- Concord Township, Minnesota Location within the state of Minnesota Concord Township, Minnesota Concord Township, Minnesota (the United States)
- Coordinates: 44°9′11″N 92°51′1″W﻿ / ﻿44.15306°N 92.85028°W
- Country: United States
- State: Minnesota
- County: Dodge

Area
- • Total: 36.9 sq mi (95.5 km^{2})
- • Land: 36.9 sq mi (95.5 km^{2})
- • Water: 0 sq mi (0.0 km^{2})
- Elevation: 1,194 ft (364 m)

Population (2000)
- • Total: 587
- • Density: 16/sq mi (6.1/km^{2})
- Time zone: UTC-6 (Central (CST))
- • Summer (DST): UTC-5 (CDT)
- ZIP code: 55985
- Area code: 507
- FIPS code: 27-12934
- GNIS feature ID: 0663861

= Concord Township, Dodge County, Minnesota =

Concord Township is a township in Dodge County, Minnesota, United States. The population was 587 at the 2000 census. The unincorporated community of Concord is located within Concord Township. The city of West Concord is located within the township geographically but is a separate entity.

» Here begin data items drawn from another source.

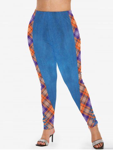 Plus Size Plaid Crisscross Pattern Skinny Leggings - Multi - 3x | Us 22-24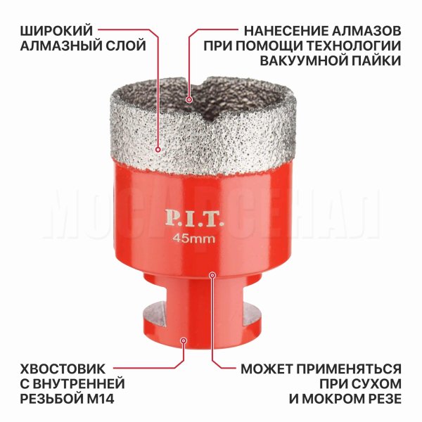 Хвостовик с внутренней резьбой M14 позволяет использовать коронки с угловыми шлифовальными машинами.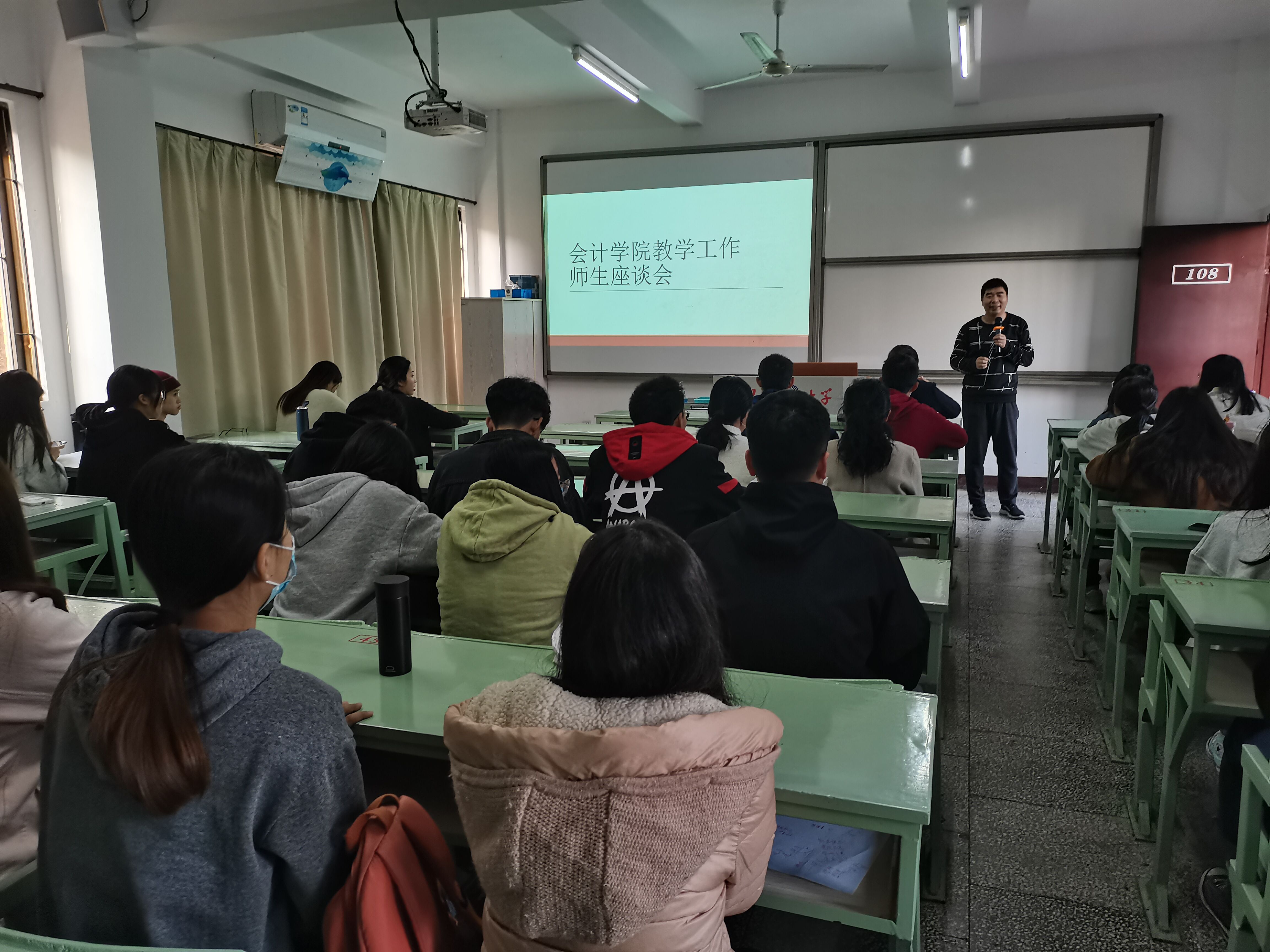 为进一步深化教学改革,提高教学质量,增强师生之间的交流,全面了解学院现阶段的教学质量,12月28日下午四点,九游体育于吉龙楼108教室成功召开“九游体育官网教学工作师生座谈会”,参加座谈会的有九游体育官网党总支书记兼副院长高雪琪、副院长任敏、会计学系主任蒋鹏飞、财务管理系主任薛小青、教师代表和学生代表。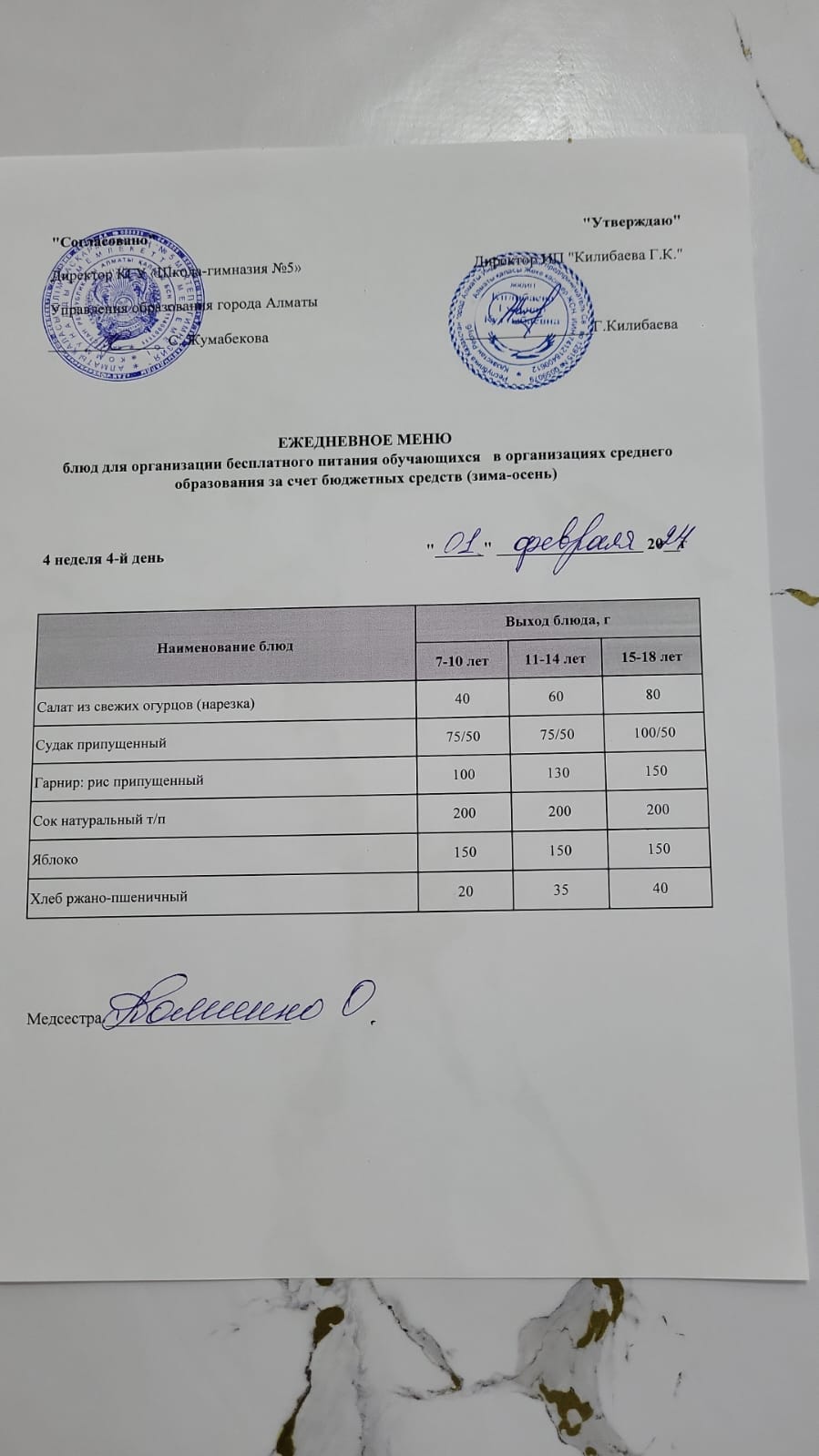 Меню блюд на 01 февраля 2024 года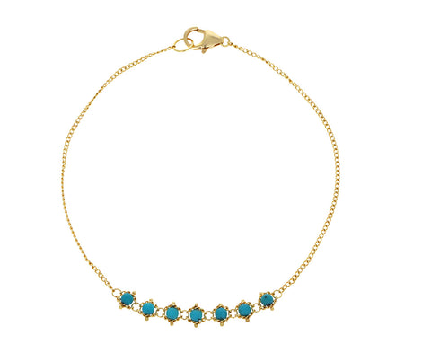 With its captivating, understated luxe, this Amali bracelet perfectly pairs 18K yellow gold and cool toned turquoise. The small, smooth turquoise beads are meticulously woven into the center portion of the 18K yellow gold chain. Alone or layered with your other favorite bracelets, it adds an effortless elegance to any collection.
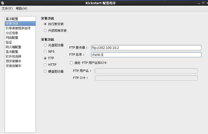 FTP服务器的作用:(1)存放Linux的安装镜像(2)存放ks.cfg文件(该文件是无人值守安装的核心文件)
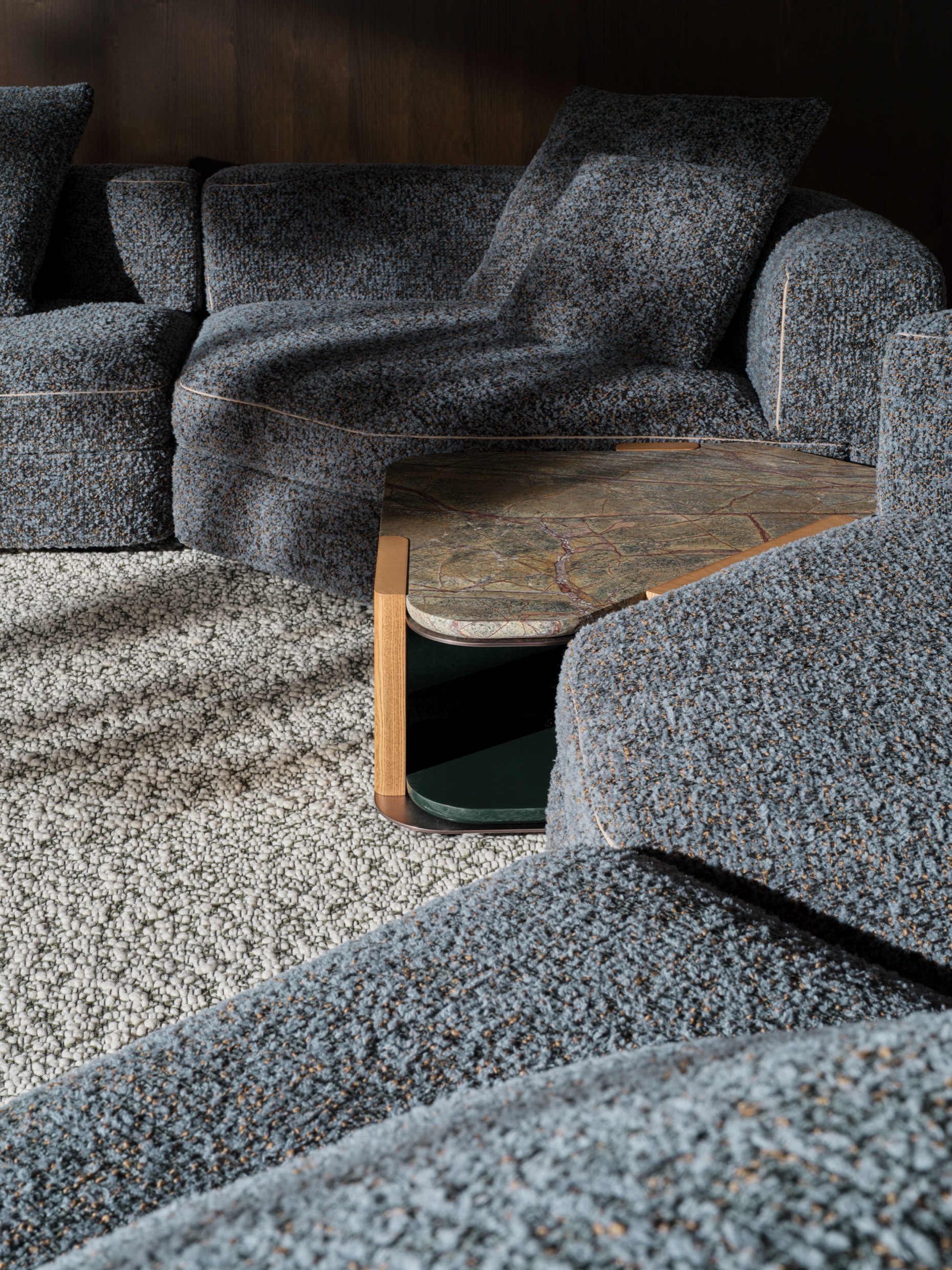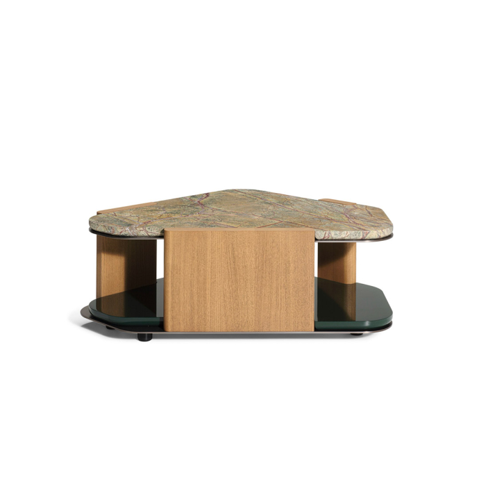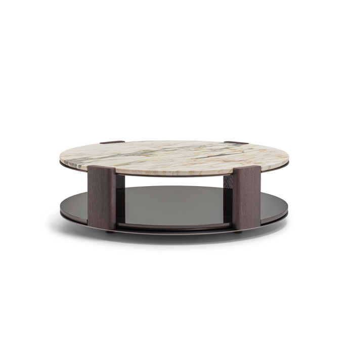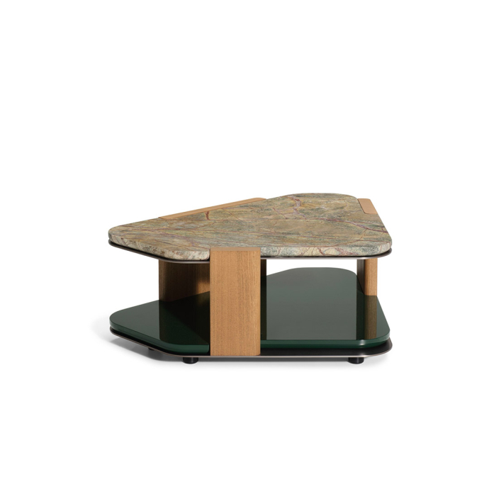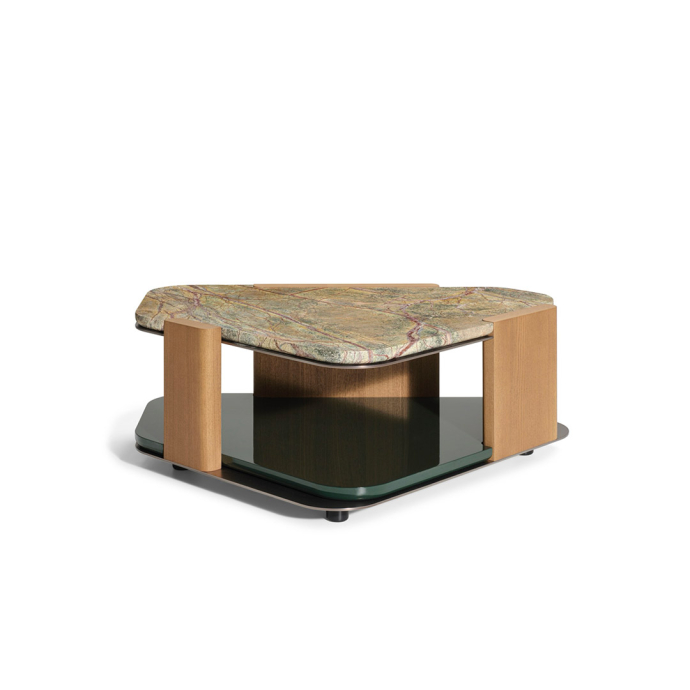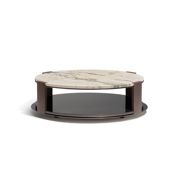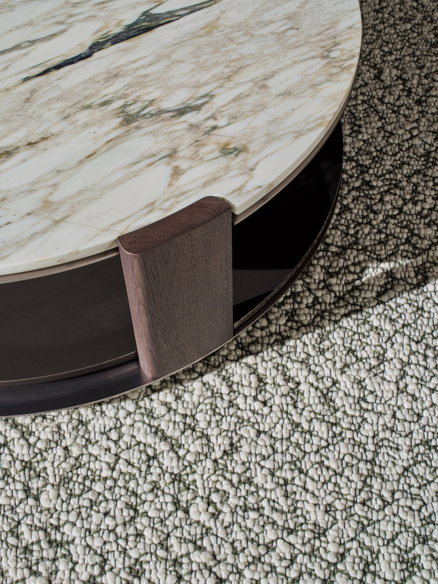 Christophe Delcourt a imaginé sa table basse Jeanne comme un système de connexions dans lequel le piètement et les plateaux sont conçus comme des éléments indissociables plutôt que comme des pièces distinctes. La création Jeanne s’articule autour d’une structure centrale qui soutient et relie deux plans superposés, lui conférant ainsi un ordre architectural clair et un équilibre formel affirmé.

Concord Township was organized in 1858. A large share of the early settlers of the area were from New England, New York, and Pennsylvania. Concord Township, as well as West Concord located within the township, were both named after Concord, New Hampshire.

==Geography==
According to the United States Census Bureau, the township has a total area of 36.9 sqmi, of which 36.9 sqmi is land and 0.03% is water.

==Demographics==
As of the census of 2000, there were 587 people, 206 households, and 165 families residing in the township. The population density was 15.9 PD/sqmi. There were 214 housing units at an average density of 5.8 /sqmi. The racial makeup of the township was 96.93% White, 0.34% African American, 0.17% Native American, 1.36% from other races, and 1.19% from two or more races. Hispanic or Latino of any race were 1.70% of the population.

There were 206 households, out of which 36.4% had children under the age of 18 living with them, 73.3% were married couples living together, 4.9% had a female householder with no husband present, and 19.9% were non-families. 16.5% of all households were made up of individuals, and 7.3% had someone living alone who was 65 years of age or older. The average household size was 2.82 and the average family size was 3.17.

In the township the population was spread out, with 27.1% under the age of 18, 9.0% from 18 to 24, 27.3% from 25 to 44, 22.5% from 45 to 64, and 14.1% who were 65 years of age or older. The median age was 37 years. For every 100 females, there were 105.2 males. For every 100 females age 18 and over, there were 107.8 males.

The median income for a household in the township was $45,588, and the median income for a family was $47,188. Males had a median income of $30,357 versus $22,188 for females. The per capita income for the township was $16,895. About 5.7% of families and 8.6% of the population were below the poverty line, including 12.7% of those under age 18 and none of those age 65 or over.